▸ Exercise:
Below are records to return verbatim; the pictures are to be dropped.

▸ Given information:
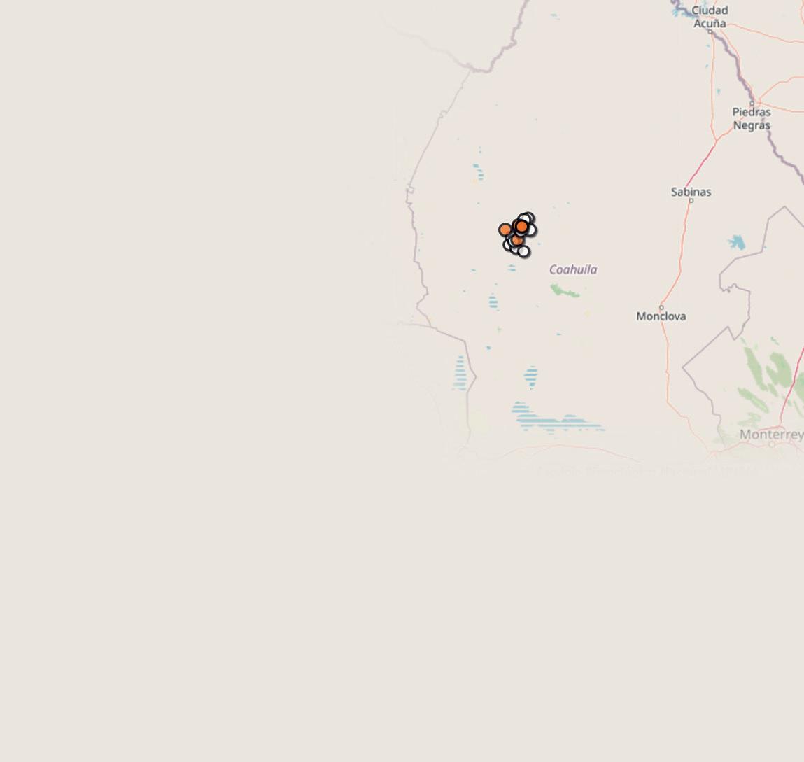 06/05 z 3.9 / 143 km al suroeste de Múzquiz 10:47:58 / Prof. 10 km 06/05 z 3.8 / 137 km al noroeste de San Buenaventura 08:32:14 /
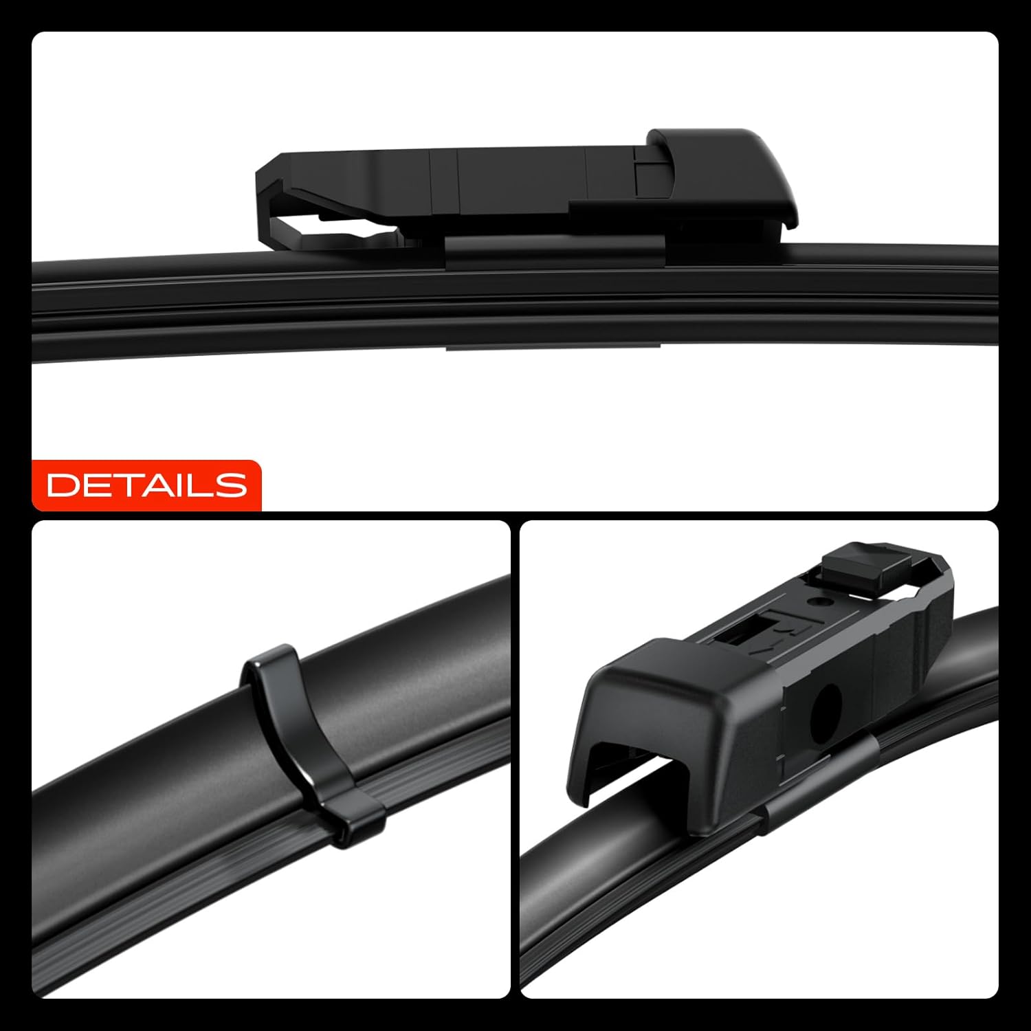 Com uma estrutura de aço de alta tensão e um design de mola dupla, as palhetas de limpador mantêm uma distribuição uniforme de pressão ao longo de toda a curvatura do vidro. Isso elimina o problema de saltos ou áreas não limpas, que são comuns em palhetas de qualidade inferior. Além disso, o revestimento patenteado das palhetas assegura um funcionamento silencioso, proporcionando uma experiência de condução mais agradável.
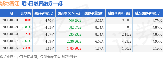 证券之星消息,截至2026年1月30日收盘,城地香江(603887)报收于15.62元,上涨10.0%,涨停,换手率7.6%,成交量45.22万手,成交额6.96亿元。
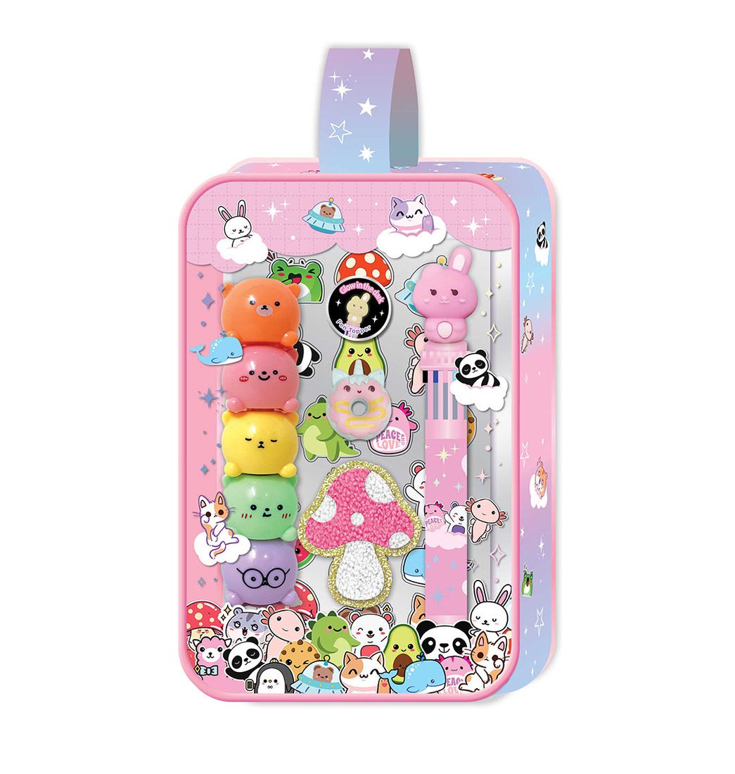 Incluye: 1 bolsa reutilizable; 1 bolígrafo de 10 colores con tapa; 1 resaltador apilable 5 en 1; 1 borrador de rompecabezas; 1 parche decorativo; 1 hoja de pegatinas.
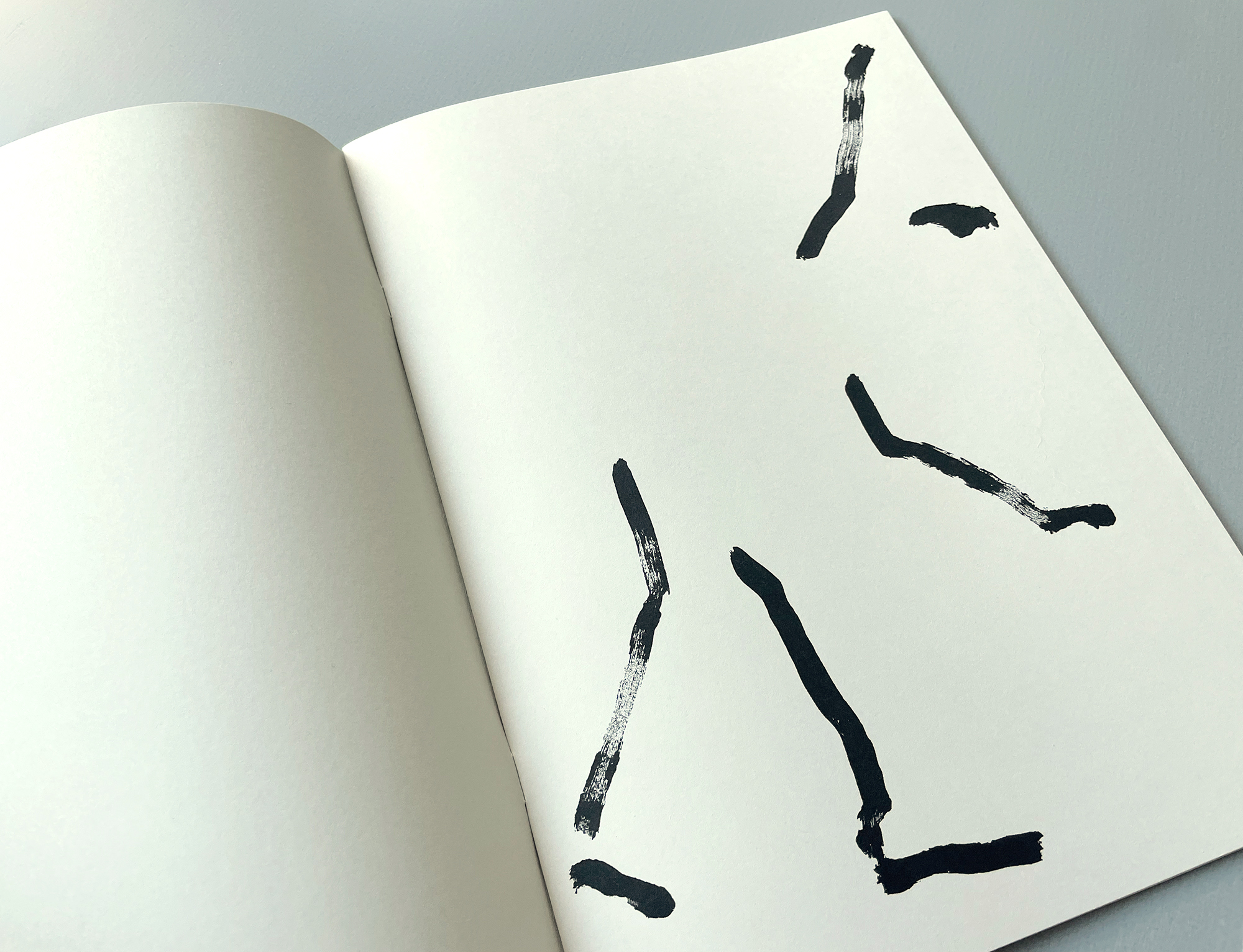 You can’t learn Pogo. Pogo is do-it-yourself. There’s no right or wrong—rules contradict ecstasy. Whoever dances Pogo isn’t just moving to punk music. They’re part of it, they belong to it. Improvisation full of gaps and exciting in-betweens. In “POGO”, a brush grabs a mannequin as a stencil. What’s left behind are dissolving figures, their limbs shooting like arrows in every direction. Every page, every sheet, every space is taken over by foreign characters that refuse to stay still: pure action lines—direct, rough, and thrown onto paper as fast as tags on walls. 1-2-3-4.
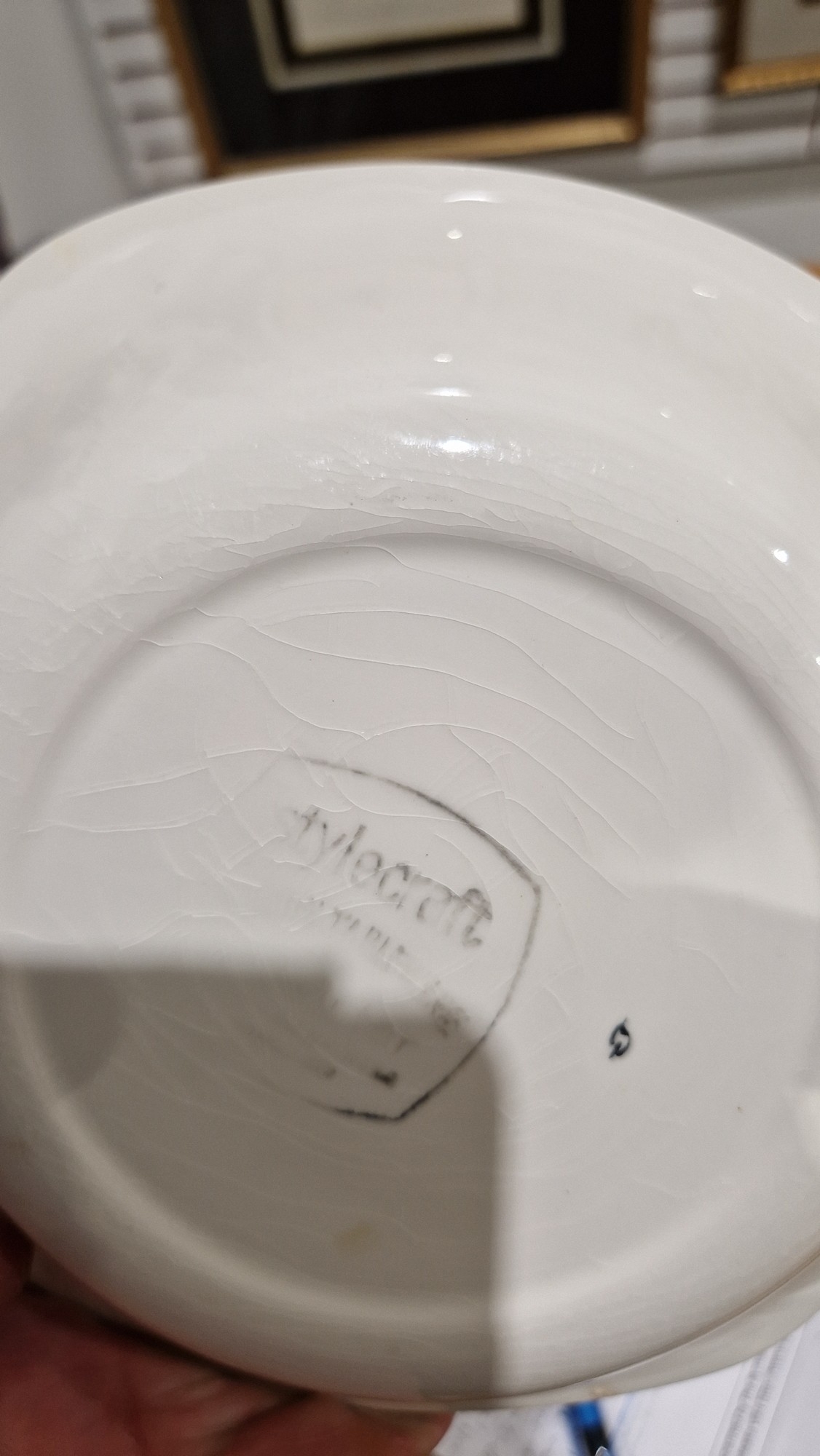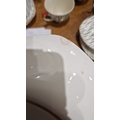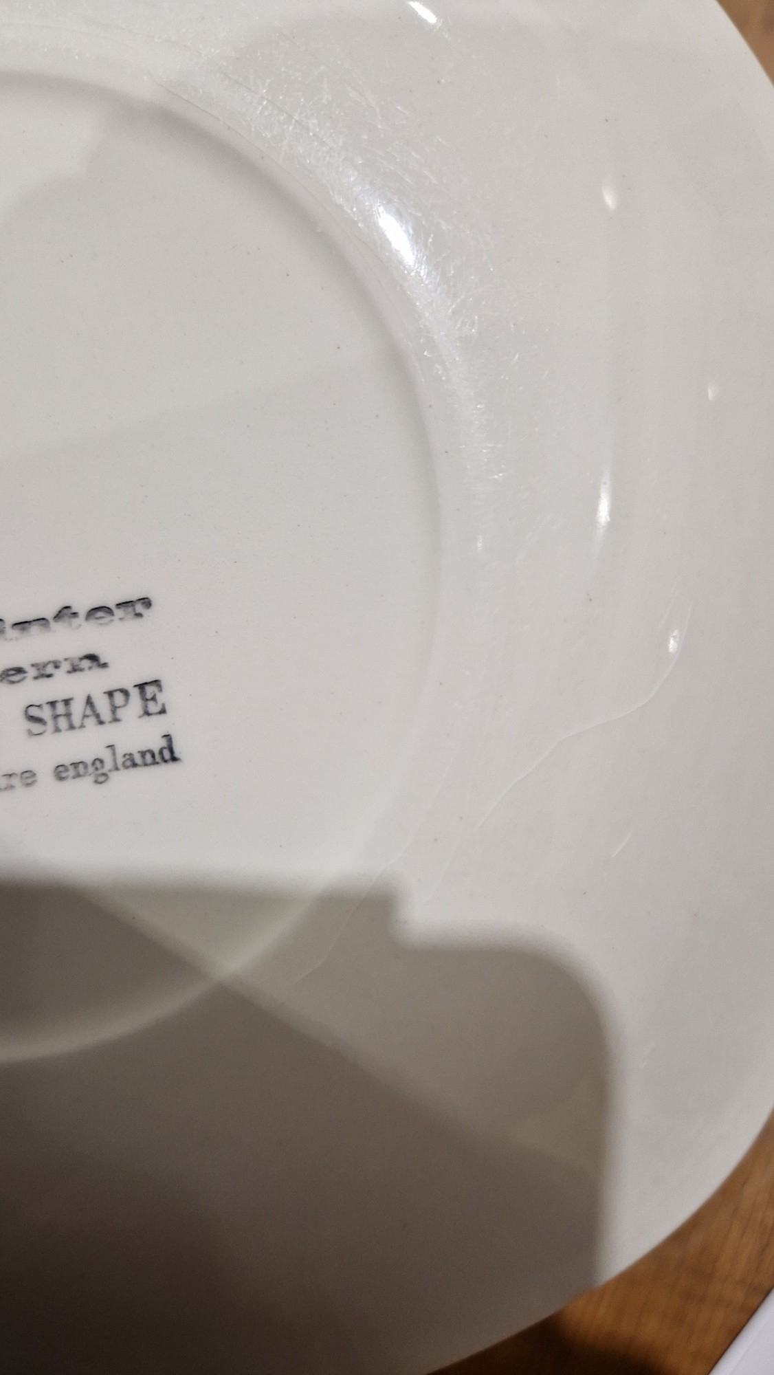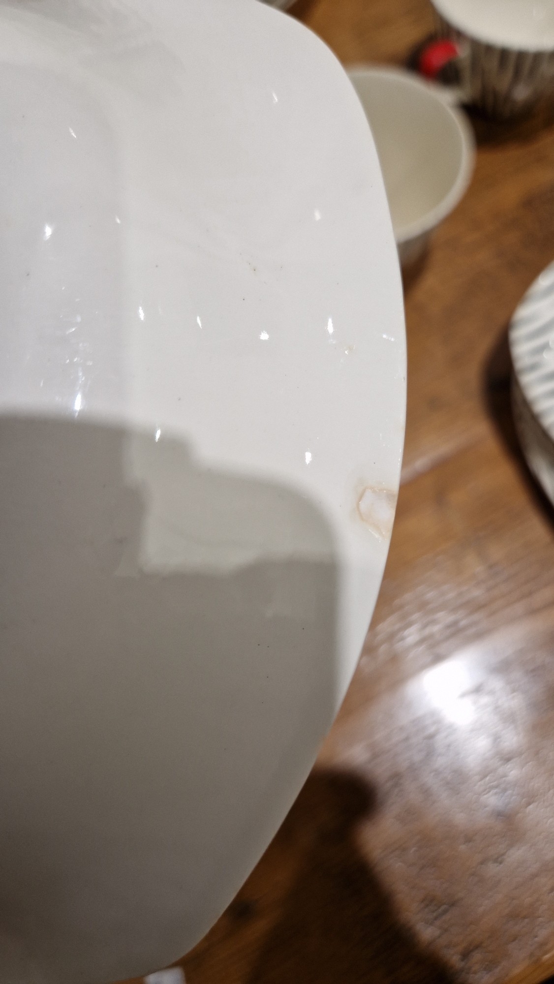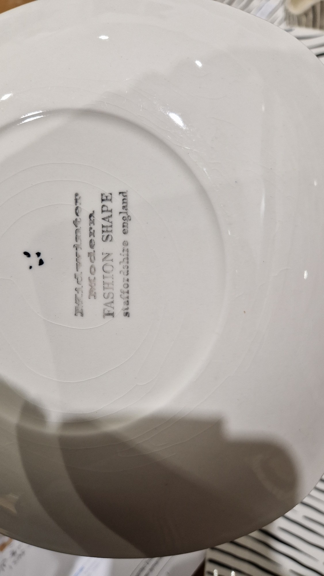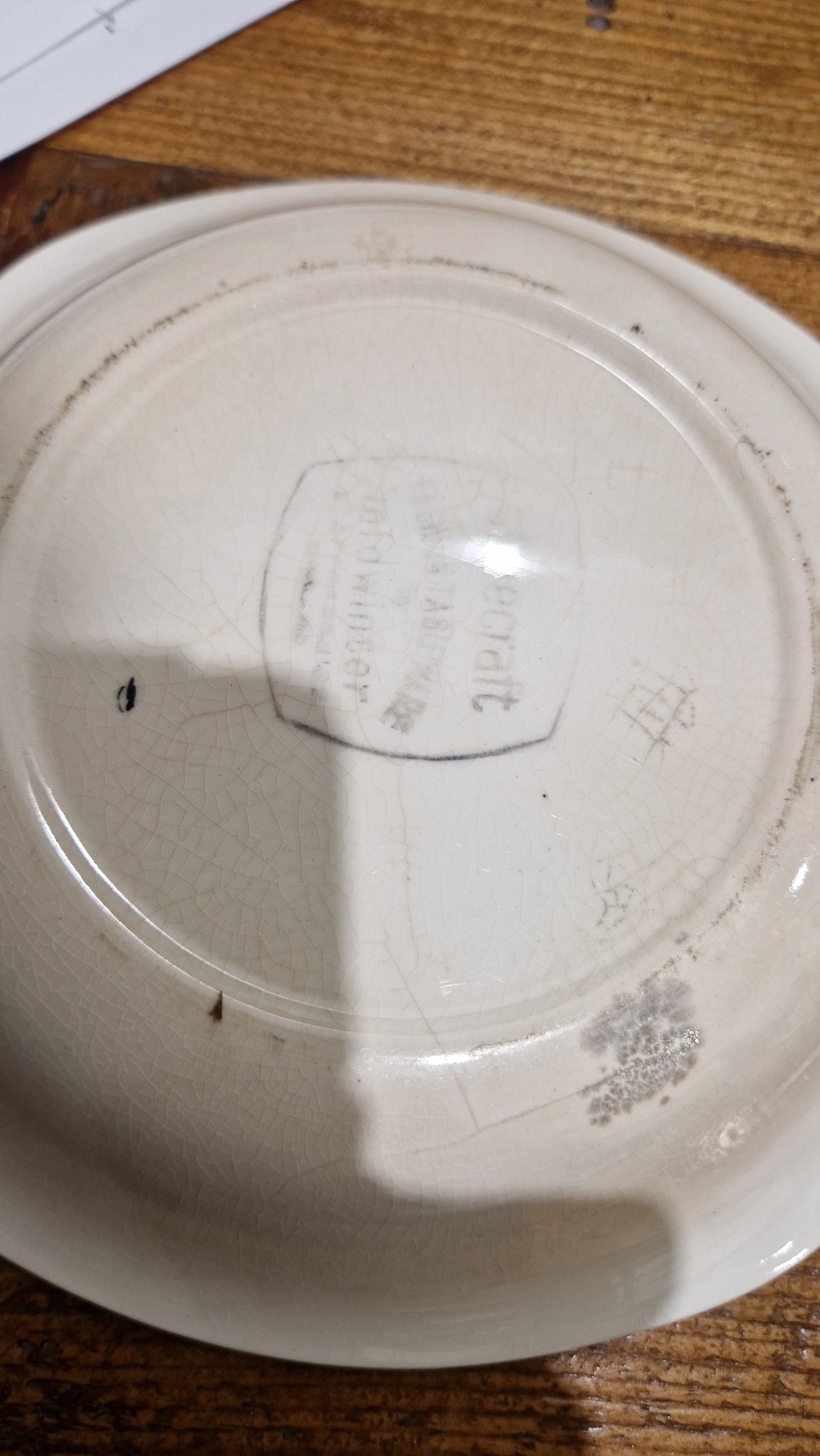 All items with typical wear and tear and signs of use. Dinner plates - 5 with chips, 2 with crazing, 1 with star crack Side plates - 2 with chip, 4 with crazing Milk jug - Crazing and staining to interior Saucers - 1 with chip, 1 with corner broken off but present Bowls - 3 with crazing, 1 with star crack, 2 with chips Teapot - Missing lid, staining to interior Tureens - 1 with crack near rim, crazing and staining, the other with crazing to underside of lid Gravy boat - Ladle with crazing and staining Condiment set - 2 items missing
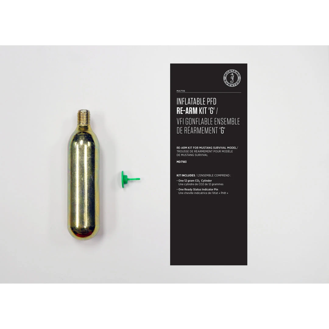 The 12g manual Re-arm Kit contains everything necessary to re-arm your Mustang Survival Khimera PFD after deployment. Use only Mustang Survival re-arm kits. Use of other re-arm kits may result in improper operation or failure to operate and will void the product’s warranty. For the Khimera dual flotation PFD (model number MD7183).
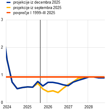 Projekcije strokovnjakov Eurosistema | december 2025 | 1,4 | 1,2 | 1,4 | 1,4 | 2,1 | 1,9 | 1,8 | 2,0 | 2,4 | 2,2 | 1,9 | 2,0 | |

▸ Response:
 06/05 z 3.9 / 143 km al suroeste de Múzquiz 10:47:58 / Prof. 10 km 06/05 z 3.8 / 137 km al noroeste de San Buenaventura 08:32:14 /
 Com uma estrutura de aço de alta tensão e um design de mola dupla, as palhetas de limpador mantêm uma distribuição uniforme de pressão ao longo de toda a curvatura do vidro. Isso elimina o problema de saltos ou áreas não limpas, que são comuns em palhetas de qualidade inferior. Além disso, o revestimento patenteado das palhetas assegura um funcionamento silencioso, proporcionando uma experiência de condução mais agradável.
 证券之星消息,截至2026年1月30日收盘,城地香江(603887)报收于15.62元,上涨10.0%,涨停,换手率7.6%,成交量45.22万手,成交额6.96亿元。
 Incluye: 1 bolsa reutilizable; 1 bolígrafo de 10 colores con tapa; 1 resaltador apilable 5 en 1; 1 borrador de rompecabezas; 1 parche decorativo; 1 hoja de pegatinas.
 You can’t learn Pogo. Pogo is do-it-yourself. There’s no right or wrong—rules contradict ecstasy. Whoever dances Pogo isn’t just moving to punk music. They’re part of it, they belong to it. Improvisation full of gaps and exciting in-betweens. In “POGO”, a brush grabs a mannequin as a stencil. What’s left behind are dissolving figures, their limbs shooting like arrows in every direction. Every page, every sheet, every space is taken over by foreign characters that refuse to stay still: pure action lines—direct, rough, and thrown onto paper as fast as tags on walls. 1-2-3-4.
 All items with typical wear and tear and signs of use. Dinner plates - 5 with chips, 2 with crazing, 1 with star crack Side plates - 2 with chip, 4 with crazing Milk jug - Crazing and staining to interior Saucers - 1 with chip, 1 with corner broken off but present Bowls - 3 with crazing, 1 with star crack, 2 with chips Teapot - Missing lid, staining to interior Tureens - 1 with crack near rim, crazing and staining, the other with crazing to underside of lid Gravy boat - Ladle with crazing and staining Condiment set - 2 items missing
 The 12g manual Re-arm Kit contains everything necessary to re-arm your Mustang Survival Khimera PFD after deployment. Use only Mustang Survival re-arm kits. Use of other re-arm kits may result in improper operation or failure to operate and will void the product’s warranty. For the Khimera dual flotation PFD (model number MD7183).
 Projekcije strokovnjakov Eurosistema | december 2025 | 1,4 | 1,2 | 1,4 | 1,4 | 2,1 | 1,9 | 1,8 | 2,0 | 2,4 | 2,2 | 1,9 | 2,0 | |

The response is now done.